Evolution est un projet photographique autour de la Femme enceinte débuté il y a plus de quatre ans. Inspirés par le passage de l’état de Femme à celui de mère.
Guylaine Coquet & Eric Perraud ont souhaité, par une démarche très structurée, apporter une vision nouvelle sur ce sujet, abordé souvent de façon traditionnelle.Le projet tire son originalité et sa matière de plusieurs éléments.

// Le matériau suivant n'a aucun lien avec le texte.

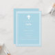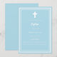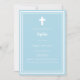 A light blue background, decorated with a white frame, and a white cross Personalize and add the name and details. White text.

En premier lieu, l’association d’un homme et d’une femme photographes permet une vision multiple, très ouverte et sensible sur un moment unique. La diversité de ce regard s’exprime par des styles et des techniques très différentes, prises de vues Noir & Blanc en format 6X6 pour Guylaine Coquet, prises de vues couleur en format 24X36 pour Eric Perraud.
L’essentiel du projet est tiré en argentique même si les photographes n’hésitent pas à jouer autour des effets notamment nostalgiques du Polaroïd. Par ailleurs la nature du sujet, nécessairement inscrit dans la durée, permet aux deux artistes d’établir un lien particulier avec les Femmes photographiées qui expérimentent, souvent pour la première fois, le monde de la photo.
D’ores et déjà, plus de vingt cinq jeunes femmes ont intégré ce projet permettant ainsi la réalisation de plusieurs centaines images exploitables. Il ne s’agit, en aucun cas, de modèles professionnels. Le lien qui s’établit passe par cet état particulier de la grossesse et la mise en valeur du corps au moment de cette évolution. La poésie et l’originalité des images sont l’aboutissement de la confiance et de la complicité tissées entre les photographes et leurs modèles.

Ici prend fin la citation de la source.